At a recent visit, a patient shared with me that she was experiencing a bit more emotional stress than normal.
“What’s going on?”
She explained that her ex-boyfriend was interested in getting back together with her. “He’s a great guy bu…”
PAUSE!
I interrupted her before she finished that word “But.”
When we use the word, “but” it negates everything that came before it.
“He’s a good guy… but…”
“I love you… but…”
“You’re doing a good job… but…”
I had her close her eyes and take some deep breaths into her belly.
With her eyes closed and her belly breathing going on I talked her through the following quick visualization (which in her words was, “Useful, to the point, and pretty funny too!”)
Imagine yourself as an old lady, relaxing in your rocking chair, on the veranda of your country home. There is a light breeze ruffling your clothes away from your skin. The sun is setting over the field. You smell the home-made lemonade sitting on the table beside you, the taste of your last sip lingering on your tongue. You see the floral baskets hanging from the eave.
You hear the creak of the rocking chair beside you. You look over to see your love sitting there with you. Is it him?
Her eyes popped open.
“NOPE!”
“Okay. Good. Do you want to get back together with him?”
“No.”
I nodded.
Her body spoke the truth to her. And I’m not saying her response is a forever truth. Lives change. People change. Feelings change. But for her for right now, it’s a no to getting back together with her ex.
I think she knew this. Perhaps not consciously, on some level though. That’s why she tried to convince herself he was a good guy. And he very well may be. But. There’s that word again. He’s a good guy… but… he may not be the good guy for her.
It’s okay for things / people / jobs / places / foods to be good in general and not good for you specifically.
Again.
It’s okay for things / people / jobs / places / foods to be good in general AND not good for you specifically. (Tweet it!)
Our bodies are constantly talking to us.
It could be with physical symptoms. It could be with niggly, gnawing feelings in the pit of your stomach. It could be with anxiety or stress. I see sleep commonly disrupted when people are ignoring their truth or not following their intuition.
This visualization was a useful and to the point way to help this patient get the clarification she was looking for. She knew the answer, perhaps subconsciously. The exercise helped her admit and crystallize the truth.
I talk about two other methods of coming to TRUST your intuition here.
When it comes to making decisions I bet you can agree with me that brain logic is never as good as the messages from our body.
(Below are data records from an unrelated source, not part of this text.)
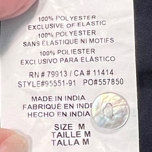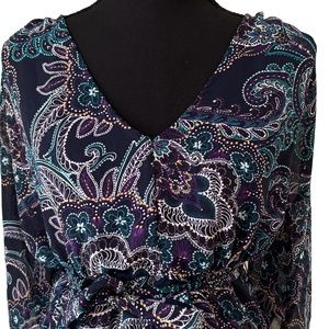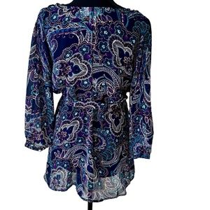 Motherhood Maternity flowy semi-sheer blouse with integrated camisole size Med. Colors include navy, purple, and teal and the sash allows you to cinch to your comfort. V neckline, 3/4 length sleeves with button, navy camisole attached at shoulders. Please see photos for details. Great with slacks or skirt for work and leggings or jeans for play.
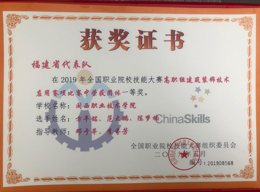 今年寒假,李芬芳接手“建筑装饰技术应用”这个赛项,与同事邓于莘一起对学生进行培训。她一有时间就和学生一起在特长生工作室研究比赛题目,早出晚归,不计较个人得失,潜心钻研赛题。4月16日,他们去漳州参加“建筑装饰技术应用”福建省职业院校技能大赛,荣获全省第一名!6月1日,本该陪孩子过儿童节的,可她们却带领学生去杭州参加“建筑装饰技术应用”全国职业院校技能大赛。一分耕耘一分收获,她们的辛劳付出最终换来了全国第二名的好成绩!
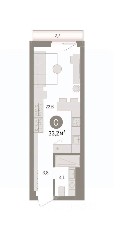 Студия в квартале ''Траектория''. Особенности планировки: предчистовая отделка, балкон. квартиры в нашей базе: МНВ01-Ж1.8.8.
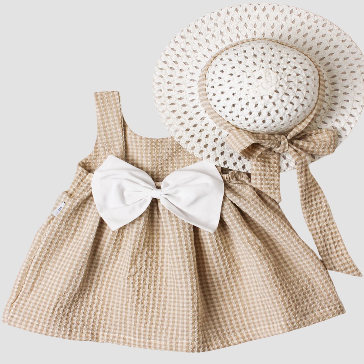 FRESCHISSIMO ABITINO IN COTONE, CON GRANDE FIOCCO NELLA SCHIENA, IN COORDINATO CAPPELLO DI PAGLIA
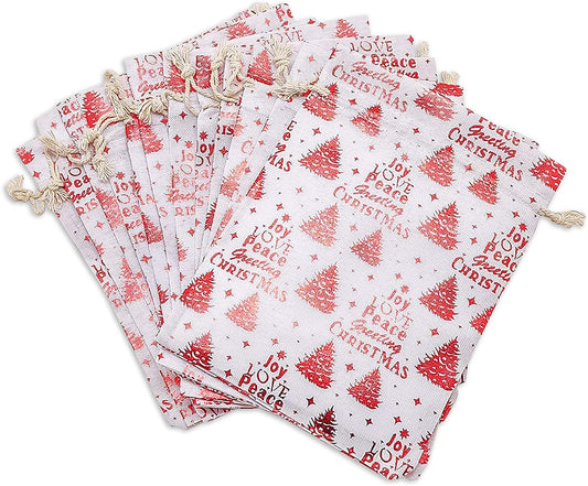 4" x 6" Cotton Muslin Red Christmas Tree Drawstring Gift Bags
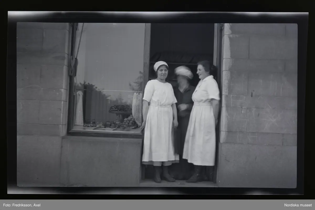 Tre kvinnor står i dörren till ett bageri. I skyltfönstret står fat med kakor.
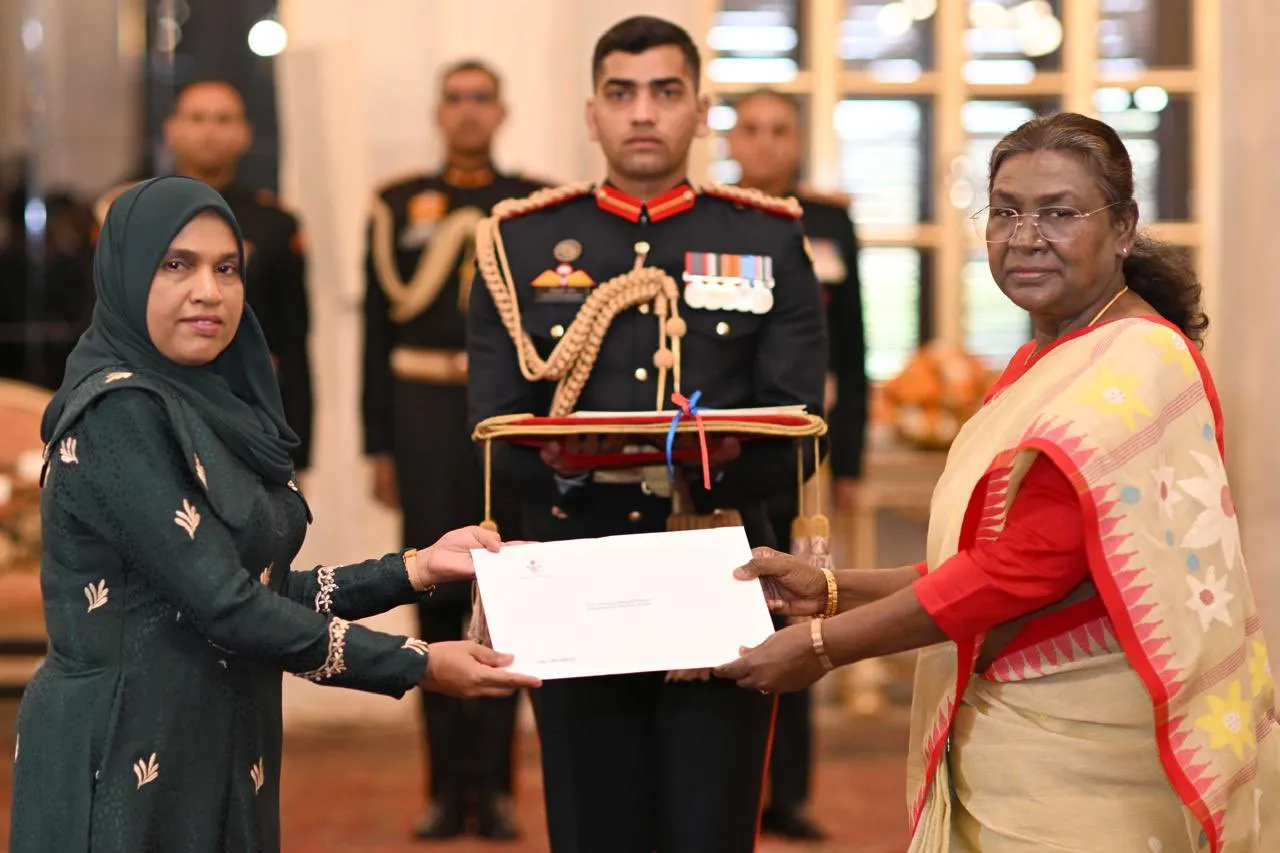 ދިވެހިރާއްޖެއިން އިންޑިއާއަށް ކަނޑައެޅުއްވި އައު ސަފީރު، އަލްފާޟިލާ އައިޝަތު އަޒީމާ އެކަމަނާގެ ސަފީރު ކަމުގެ ފަތްކޮޅު އިންޑިއާގެ ރައީސާ ދުރުޕަތީ މުރުމުއަށް މިއަދު އަރުވައިފިއެވެ. ސަފީރުކަމުގެ ފަތްކޮޅު އެރުވުމުގެ ރަސްމިއްޔާތު އޮތީ މިއަދު މެންދުރު ނިއުދިއްލީގައި ރިޔާސީ ގަނޑުވަރު "ރާސްތްރަޕަތީ ބަވަން" ގައި އެކަމަށް ބޭއްވި ޚާއްސަ ރަސްމިއްޔާތެއްގައެވެ.

Our minds can rationalize us into any decision.
He’s a good guy. We were together for a long time before we broke up. He’s a great cook. We enjoy similar activities.
But…
Her heart was saying, “No. For right now, he’s not the love I see myself being with.”
And that’s okay.
Today, see if you can adapt this visualization to a situation / decision that you’re in limbo about. When you do this, it’s important to engage the senses. If you review the exercise above, you’ll see I included all 5. What truth did your body show you? What did you feel? What did you learn about what you NEED to do?